* **About this task**:
All of the data that follows should be given again exactly, without its images.

* **Collected material**:

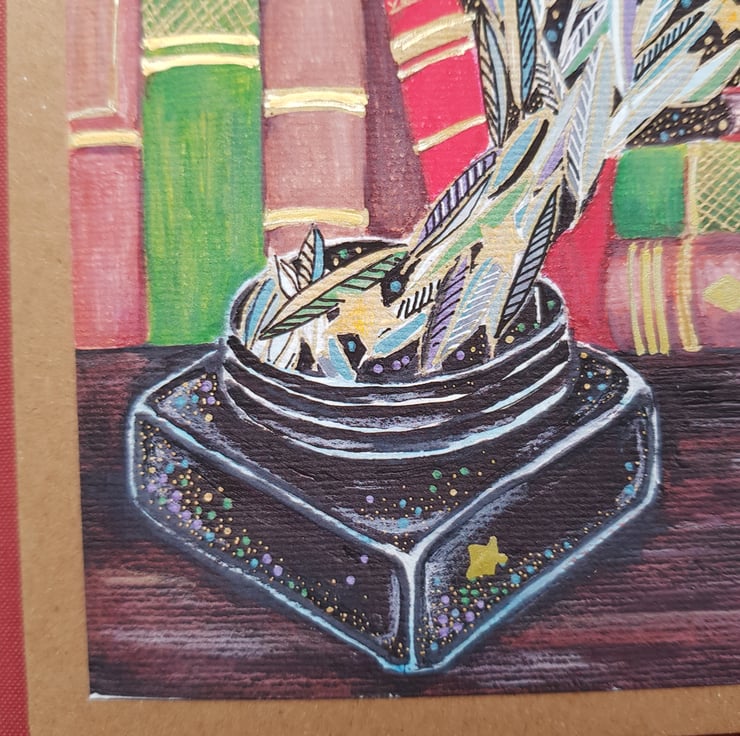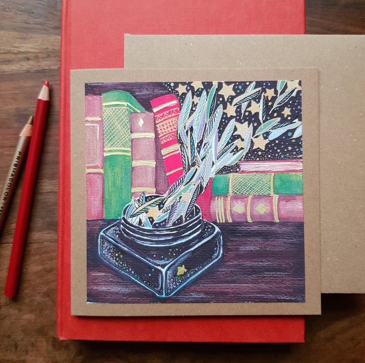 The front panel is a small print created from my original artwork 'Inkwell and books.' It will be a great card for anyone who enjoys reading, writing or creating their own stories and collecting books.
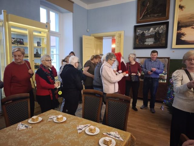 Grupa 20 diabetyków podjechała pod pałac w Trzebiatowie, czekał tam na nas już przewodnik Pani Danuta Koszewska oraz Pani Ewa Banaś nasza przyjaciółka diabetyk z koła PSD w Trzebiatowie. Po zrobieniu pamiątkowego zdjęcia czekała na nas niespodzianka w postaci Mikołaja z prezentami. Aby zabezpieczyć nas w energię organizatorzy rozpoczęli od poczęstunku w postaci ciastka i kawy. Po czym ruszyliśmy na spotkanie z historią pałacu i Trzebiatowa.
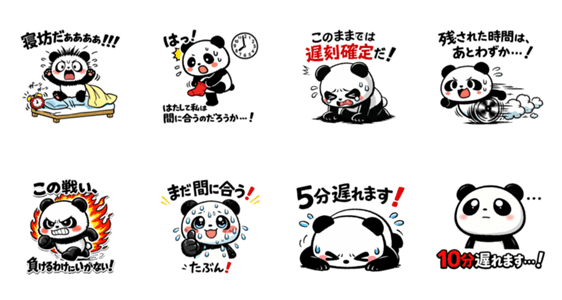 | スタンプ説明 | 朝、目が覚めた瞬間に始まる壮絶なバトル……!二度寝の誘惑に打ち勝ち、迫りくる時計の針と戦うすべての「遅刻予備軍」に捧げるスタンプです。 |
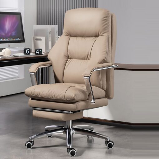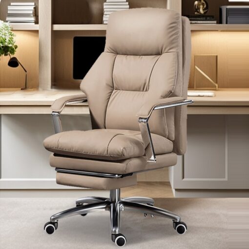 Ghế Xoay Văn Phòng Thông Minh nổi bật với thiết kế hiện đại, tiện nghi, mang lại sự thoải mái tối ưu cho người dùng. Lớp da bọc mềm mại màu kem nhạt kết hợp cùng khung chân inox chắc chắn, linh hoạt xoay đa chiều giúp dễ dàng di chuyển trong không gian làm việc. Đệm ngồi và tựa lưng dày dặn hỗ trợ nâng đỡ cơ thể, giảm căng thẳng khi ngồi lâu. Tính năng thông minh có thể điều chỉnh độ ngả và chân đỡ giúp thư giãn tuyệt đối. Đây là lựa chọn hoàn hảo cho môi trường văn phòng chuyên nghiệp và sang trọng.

* **Task result**:
 The front panel is a small print created from my original artwork 'Inkwell and books.' It will be a great card for anyone who enjoys reading, writing or creating their own stories and collecting books.
 Grupa 20 diabetyków podjechała pod pałac w Trzebiatowie, czekał tam na nas już przewodnik Pani Danuta Koszewska oraz Pani Ewa Banaś nasza przyjaciółka diabetyk z koła PSD w Trzebiatowie. Po zrobieniu pamiątkowego zdjęcia czekała na nas niespodzianka w postaci Mikołaja z prezentami. Aby zabezpieczyć nas w energię organizatorzy rozpoczęli od poczęstunku w postaci ciastka i kawy. Po czym ruszyliśmy na spotkanie z historią pałacu i Trzebiatowa.
 | スタンプ説明 | 朝、目が覚めた瞬間に始まる壮絶なバトル……!二度寝の誘惑に打ち勝ち、迫りくる時計の針と戦うすべての「遅刻予備軍」に捧げるスタンプです。 |
 Ghế Xoay Văn Phòng Thông Minh nổi bật với thiết kế hiện đại, tiện nghi, mang lại sự thoải mái tối ưu cho người dùng. Lớp da bọc mềm mại màu kem nhạt kết hợp cùng khung chân inox chắc chắn, linh hoạt xoay đa chiều giúp dễ dàng di chuyển trong không gian làm việc. Đệm ngồi và tựa lưng dày dặn hỗ trợ nâng đỡ cơ thể, giảm căng thẳng khi ngồi lâu. Tính năng thông minh có thể điều chỉnh độ ngả và chân đỡ giúp thư giãn tuyệt đối. Đây là lựa chọn hoàn hảo cho môi trường văn phòng chuyên nghiệp và sang trọng.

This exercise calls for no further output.